Figure S1 illustrates the methodology used in (Cabral, Morgado, Campos Costa, & Silveira, 2015; Eskildsen, Coupé, Fonov, Pruessner, & Collins, 2015) to build the learning examples, based on time windows and neuroimaging data. Patients with MCI are firstly divided in two groups: those who remained stable for at least 36 months (stable MCI) and those who converted to dementia (converter MCI). The sMCI group used only baseline images. In the cMCI group, each scan collected from 6 to 36 months before conversion was used to build a learning example, for a specific time windows (of 6 to 36 months).
Figure S1- Strategy to construct learning examples based on time windows proposed in (Cabral, Morgado, Campos Costa, & Silveira, 2015; Eskildsen, Coupé, Fonov, Pruessner, & Collins, 2015).
Table S3 presents the proportion of learning examples obtained with the Cognitive Complaints Cohort (patients cohort used in this work) and the strategy described in Figure S1.
Table S3. CV set composition, following the strategy to create learning examples proposed in (Cabral, Morgado, Campos Costa, & Silveira, 2015; Eskildsen, Coupé, Fonov, Pruessner, & Collins, 2015).
CV setsMCI / cMCI
FL approach / 320 (62%) / 196 (38%)
1-year window / 67 (45%) / 81 (55%)
2-year window / 67 (72%) / 51 (43%)
3-year window / 67 (60%) / 45 (40%)
4-year window / 67 (69%) / 30 (31%)
5-year window / 67 (84%) / 13 (16%)
Note: sMCI- stable MCI; cMCI – converter MCI
Figure S2 illustrates the results obtained with the Naïve Bayes classifiers, under stratified 10×5-fold CV, for the time windows and FL approaches (Figure 1), using data described in Table 2. The results show that, even using different data types and approaches, the main conclusion remains true: using time-homogeneous MCI groups to learn prognostic models outperforms the First Last approach, where converter MCI patients are pooled.
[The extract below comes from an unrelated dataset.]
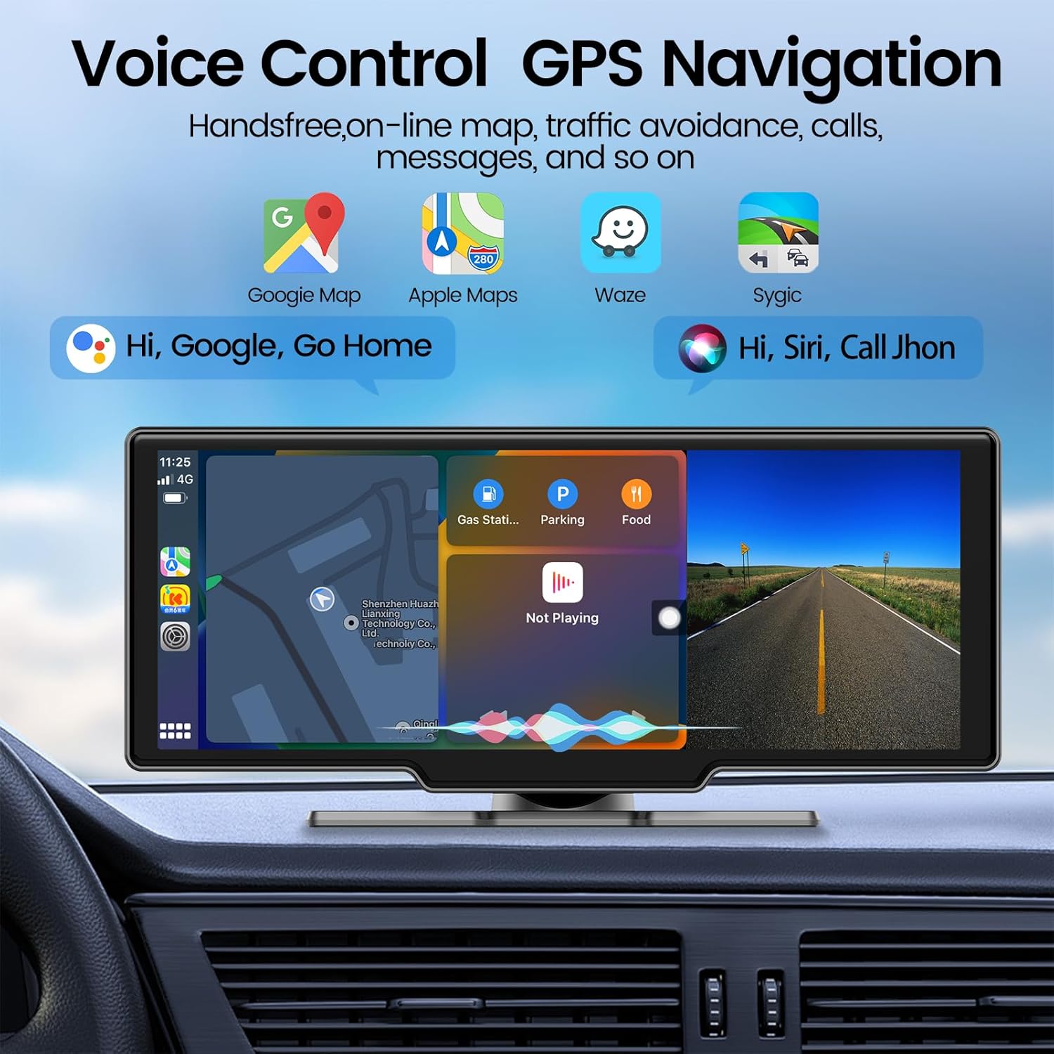 Wireless Apple Carplay & Android Auto; 10.26 inch IPS HD Screen;2 Kind of Strong Suction Cup Bracket;Full Angle Screen Adjustment Available; Universal for All Cars;Screen Resolution 1600*600P;Airplay/Android Cast; Upgraded 5.3 Bluetooth;Support Voice Control;Real-time Map Navigation;

Figure S2- Performance metrics obtained with Naïve Bayes, the best classifier for each time windows and the First Last (FL) datasets, as assessed by the AUC values within a grid search scheme, under 10×5 fold cross validation (using the CV set), when using the learning examples built according to the methodology proposed in (Cabral, Morgado, Campos Costa, & Silveira, 2015; Eskildsen, Coupé, Fonov, Pruessner, & Collins, 2015).